The paper explores more intricate signal models beyond simple sparsity:

  1. Multiple Measurement Vectors (MMV): This model leverages joint sparsity across multiple signal vectors sharing a common support, enhancing robustness and reconstruction efficiency. MMV is crucial in applications like EEG/MEG source localization and multichannel communications.
  2. Unions of Subspaces: Structured sparsity within signals is captured via unions of subspaces models. Signals are assumed to lie within a structured subspace union, which is instrumental in applications like image recovery from wavelet coefficients where the support of large coefficients conforms to a tree structure.
  3. Finite Rate of Innovation (FRI): For continuous-time signals, FRI models capture bandlimited signals with few degrees of freedom, enabling sampling at below-Nyquist rates. Applications include super-resolution imaging and ultrasound imaging, wherein the structured nature of signal innovations is exploited for efficient recovery.

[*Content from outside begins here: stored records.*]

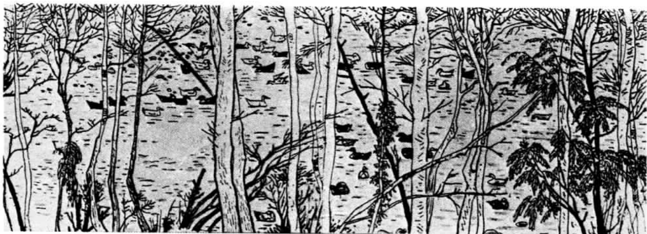
Ducks Through the Trees.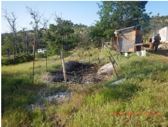
Figure 5. Refuse pit.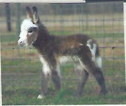
HHAA Marvel 4.jpg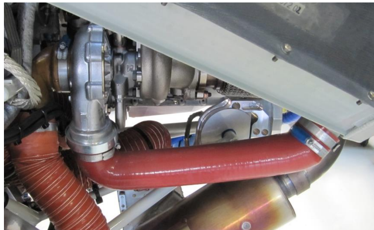
Figure 1: turbocharger hose, installed

◆ Note: Please contact Continental Aerospace Technologies GmbH for queries regarding hoses affected.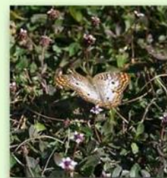
White Peacock on Frogfruit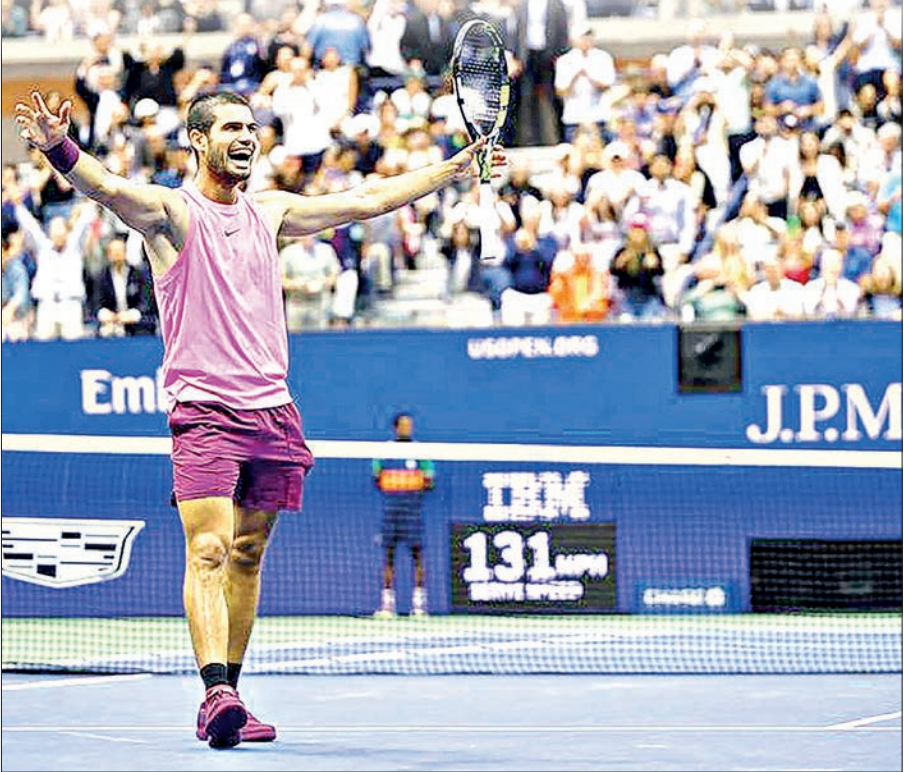
Carlos Alcaraz of Spain celebrates winning the men's singles final against Jannik Sinner of Italy at the 2025 US Open in New York on 7 September 2025.

"I want to start with Jannik. It is unbelievable what you have done this season," Alcaraz said on the trophy ceremony. "I see you more than my family, and it's great to share the court and the locker room with you. You improve every day working with your team, so congratulations to you, and it was a great performance this whole tournament." "I tried my best today. I couldn't do more," the 24-year-old Italian replied. "You are doing an amazing job. I know there's a lot of hard work behind this performance today, you were better than me. Enjoy it. It's a great moment." — Xinhua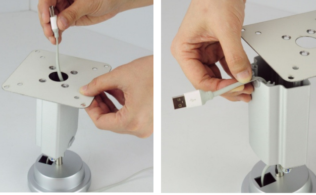
Power cable could be through or against the wall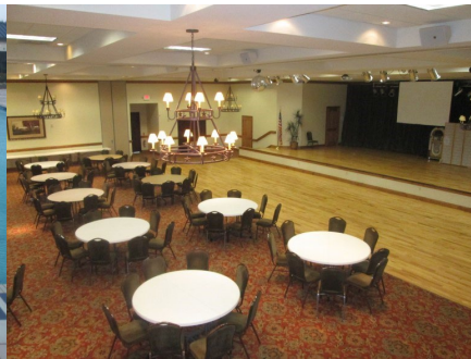
ballroom and stage

Practical Implementations and Applications

The review also details practical implementations and applications:

  1. Multiband Signal Sampling: employing structured analog filters and subsampling strategies such as the Modulated Wideband Converter (MWC), achieving significant reductions in sampling rates while retaining the ability to reconstruct wideband signals.
  2. Radar and Ultrasound: Utilizing structured sampling to achieve super-resolution imaging and target detection, the authors demonstrate improved resolution and reduced sampling rates in practical radar and ultrasound applications.

Algorithmic Developments

Key algorithmic developments discussed include:

  1. Greedy Algorithms and Thresholding: These are adapted to structured models, such as model-based CoSaMP and Iterative Hard Thresholding (IHT), which integrate signal model structure into the iterative reconstruction process.
  2. Optimization Approaches: Adaptations of Basis Pursuit (BP) and related algorithms to structured sparsity models, using mixed norms and other regularization techniques to promote the desired signal structure.

Implications and Future Directions

From a theoretical perspective, structured CS provides stronger recovery guarantees under realistic signal and hardware constraints. Practically, these advances enable the design of more efficient sensing systems, paving the way for high-performance, low-power applications in areas ranging from medical imaging to wireless communications.

Future research will likely explore deeper integration of CS into various domains, enhancing the theoretical framework for new signal structures and developing more sophisticated algorithms that push the boundaries of current capabilities.

Conclusion

By offering a detailed exploration of structured CS, the authors present a roadmap for researchers and practitioners to leverage advanced signal models and structured measurement matrices. This shift not only aligns theoretical developments with practical needs but also opens up new avenues for innovation in signal processing technology.